Nella categoria: HOME | Analisi testuali

La luna bianca, piumosa, non lasciava che il cielo imbrunisse completamente: per tutta la notte i fiori di castagno biancheggiarono nel verde; scuro era solo il centrisco, nei prati.
I camerieri, al Trinity, dovevano stare a rimescolare come carte da gioco i piatti di porcellana, a giudicare dall'acciottolio che giungeva fino al Gran Cortile. L'alloggio di Jacob era, però, nel cortile Neville, su in cima, ed era con un certo affanno che s'arrivava alla sua porta. Non c'era, comunque. Forse era in sala, a cena. Sarà tutto buio, nel Cortile Neville, molto prima di mezzanotte, ma le colonne di fronte rimarranno bianche, e così anche le fontane. Dà un curioso effetto il cancello, come di un merletto sul verde pallido. Anche dalla finestra si sente l'acciottolio dei piatti, e, per di più, il brusio dei commensali. La sala è illuminata, e le porte a battenti si aprono e si chiudono con un soffice tonfo. C'è chi arriva in ritardo.

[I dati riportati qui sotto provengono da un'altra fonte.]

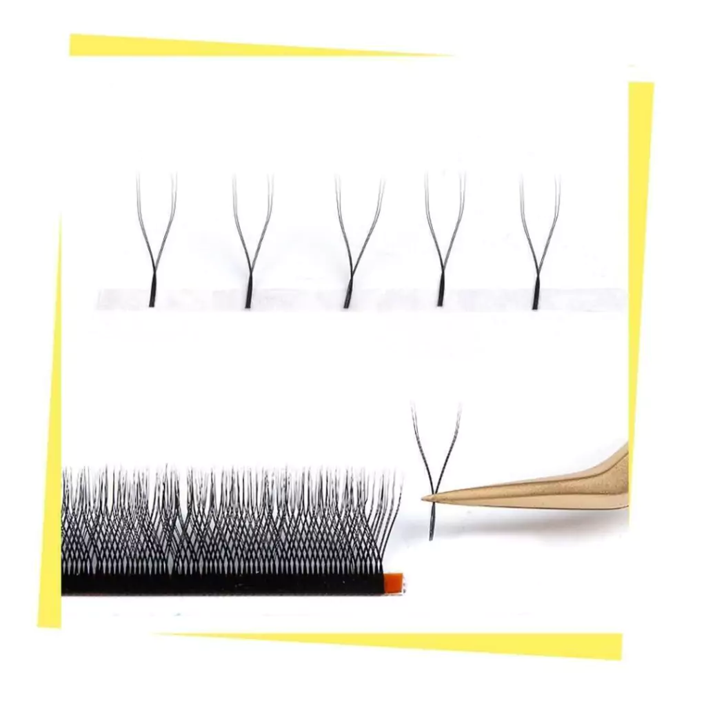 Cílios produzido com PBT de alta qualidade, em formato Y, ideal para técnica de volume brasileiro, onde é usada a mesma técnica do alongamento clássico fio a fio pois você retira um a um do chicote, mas causando um efeito de volume por ter pontas duplas.

[...] La stanza di Jacob conteneva un tavolo rotondo e due sedie basse. Un vaso di iris gialle sul caminetto, con una fotografia di sua madre; cartoncini di compagnie con piccole mezzelune, stemmi e iniziali; fogli d'appunti e pipe. Sul tavolo, fogli con i margini rigati in rosso... un saggio, senza dubbio: «Può la storia consistere nelle biografie dei grandi uomini?». [...] E' così inerte l'aria che c'è in una stanza vuota, fa appena gonfiare le tendine. I fiori del vaso hanno un lieve moto, una fibra della poltrona di vimini scricchiola senza che nessuno vi sia seduto.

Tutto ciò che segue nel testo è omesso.